Exercise data.
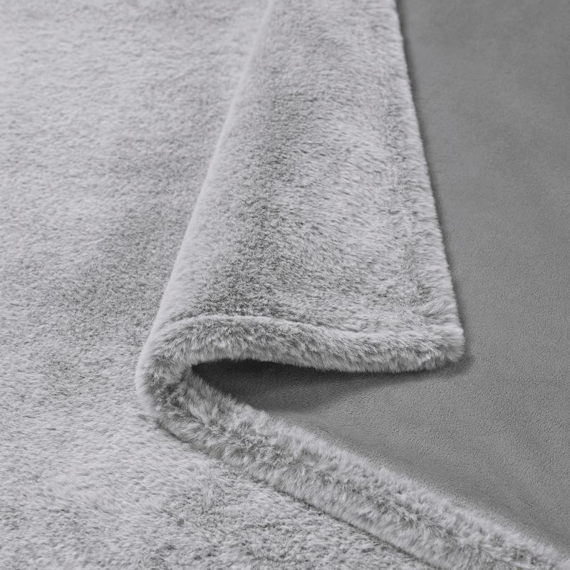 グレーのクッションカバーとひざ掛けのふわふわの表面をなでると、まるで動物の柔らかい毛をなでているような手ざわりですが、実は素材はリサイクルポリエステル100%。 両方一緒に使えば、暖かく快適に過ごせます
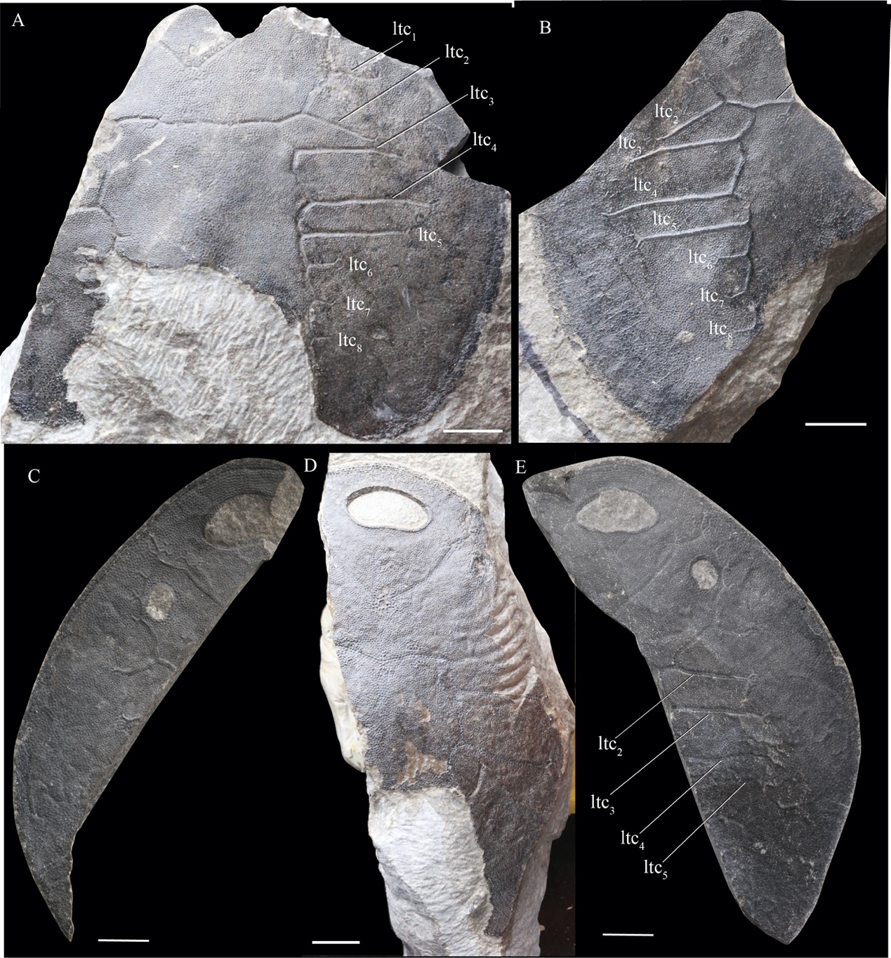 坝鱼属(Damaspis)在系统分类上属于盔甲鱼亚纲多鳃鱼目多鳃鱼科,是著名古鱼类学家王念忠、王俊卿先生于1982 年依据属型种变异坝鱼(Damaspis vartus)所建立。变异坝鱼的化石标本由中国科学院古脊椎动物与古人类研究所云南野外队于1979年底采集。因化石发现地位于云南曲靖西山水库大坝附近,故其属名被命名为坝鱼(Damaspis),种名变异(vartus)则表示该鱼头甲背部感觉管系统存在变异现象。本研究对发现于云南曲靖面店水库变异坝鱼的新材料进行了描述,进一步揭示了其感觉管系统的分布模式,证实了模式标本不对称的感觉管系统可能是保存上的假象,或是种内变异造成。多鳃鱼目头甲背面感觉管系统以廖角山多鳃鱼为代表,存在一个共同的模式,被称为“多鳃鱼型”感觉管系统。在这个基本模式的基础上,不同多鳃鱼类属种之间,感觉管系统会有不同程度的多样性演化。例如,宽甲鱼属的感觉管末端呈星状,而坝鱼属的感觉管末端具二分叉等,这些形态上的变化在分类上具有重要意义。在通常情况下,所有盔甲鱼类的感觉管系统都是左右对称的。然而,变异坝鱼的感觉系统却呈现出一定的不对称性,其模式标本头甲左侧具有5条较长的侧横管,而右侧却只有4条。因正常的“多鳃鱼型”感觉管系统,头甲每侧只有4条侧横管,因此王念忠、王俊卿先生将模式标本左侧多出的第5条长的侧横管解释为种内变异现象。本次研究显示,曲靖坝鱼新材料头甲右侧侧背管实际上发出8条侧横管,其中前5条侧横管较长,正好与模式标本左侧的5条侧横管一一对应,而其后多出的3条侧横管则很短小。因此,新化石证据表明头甲背面具有5对对称的较长侧横管是变异坝鱼的一个稳定特征,而模式标本头甲右侧缺少第5条长侧横管可能是保存上的假象,也可能是种内变异造成的。
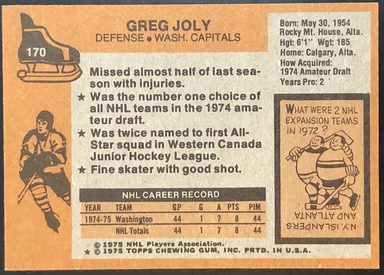Lot 1329 1975-76 NHL TOPPS GREG JOLY ROOKIE CARD
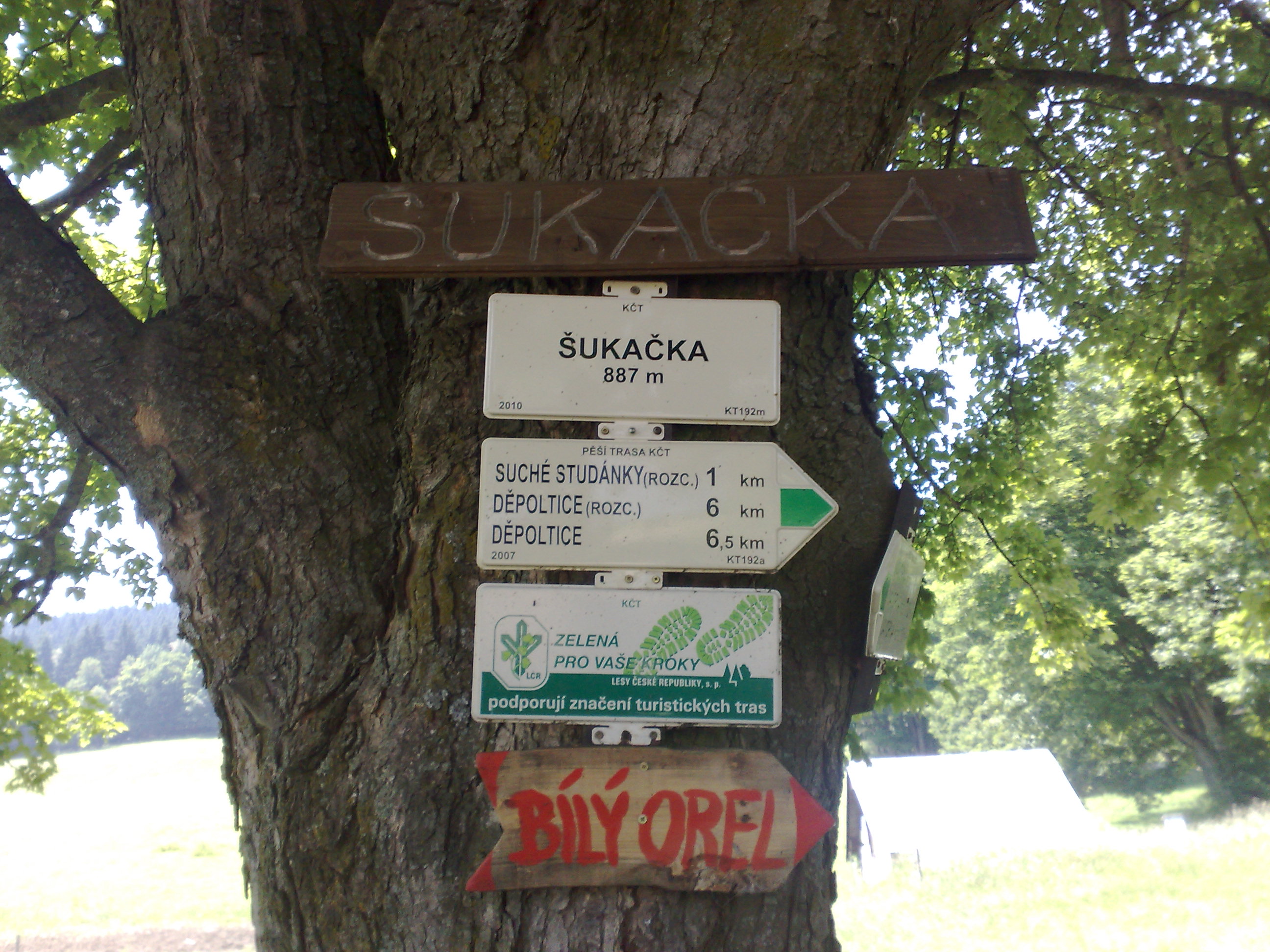 Nejprve jsem zajel pro nově vytisklé srazové samolepky a pak, cestou kolem Prahy, jsem jel směr Sušice. Že jedu kolem Prahy jsem si myslel podle mapy, z omylu mě ale vyvedla cedule „Hlavní město Praha“ a kolony jak prase. Teploty se střídali v rozmezí 31-34°C a v kolonách se mi občas rozsvítila kontrolka teploty oleje a ventilátor makal co to šlo.

Work order. Leave out the pictures and repeat exactly the lines from the start of the material through the line that contains "Lot 1329 1975-76", both included.

Expected output.
 グレーのクッションカバーとひざ掛けのふわふわの表面をなでると、まるで動物の柔らかい毛をなでているような手ざわりですが、実は素材はリサイクルポリエステル100%。 両方一緒に使えば、暖かく快適に過ごせます
 坝鱼属(Damaspis)在系统分类上属于盔甲鱼亚纲多鳃鱼目多鳃鱼科,是著名古鱼类学家王念忠、王俊卿先生于1982 年依据属型种变异坝鱼(Damaspis vartus)所建立。变异坝鱼的化石标本由中国科学院古脊椎动物与古人类研究所云南野外队于1979年底采集。因化石发现地位于云南曲靖西山水库大坝附近,故其属名被命名为坝鱼(Damaspis),种名变异(vartus)则表示该鱼头甲背部感觉管系统存在变异现象。本研究对发现于云南曲靖面店水库变异坝鱼的新材料进行了描述,进一步揭示了其感觉管系统的分布模式,证实了模式标本不对称的感觉管系统可能是保存上的假象,或是种内变异造成。多鳃鱼目头甲背面感觉管系统以廖角山多鳃鱼为代表,存在一个共同的模式,被称为“多鳃鱼型”感觉管系统。在这个基本模式的基础上,不同多鳃鱼类属种之间,感觉管系统会有不同程度的多样性演化。例如,宽甲鱼属的感觉管末端呈星状,而坝鱼属的感觉管末端具二分叉等,这些形态上的变化在分类上具有重要意义。在通常情况下,所有盔甲鱼类的感觉管系统都是左右对称的。然而,变异坝鱼的感觉系统却呈现出一定的不对称性,其模式标本头甲左侧具有5条较长的侧横管,而右侧却只有4条。因正常的“多鳃鱼型”感觉管系统,头甲每侧只有4条侧横管,因此王念忠、王俊卿先生将模式标本左侧多出的第5条长的侧横管解释为种内变异现象。本次研究显示,曲靖坝鱼新材料头甲右侧侧背管实际上发出8条侧横管,其中前5条侧横管较长,正好与模式标本左侧的5条侧横管一一对应,而其后多出的3条侧横管则很短小。因此,新化石证据表明头甲背面具有5对对称的较长侧横管是变异坝鱼的一个稳定特征,而模式标本头甲右侧缺少第5条长侧横管可能是保存上的假象,也可能是种内变异造成的。
Lot 1329 1975-76 NHL TOPPS GREG JOLY ROOKIE CARD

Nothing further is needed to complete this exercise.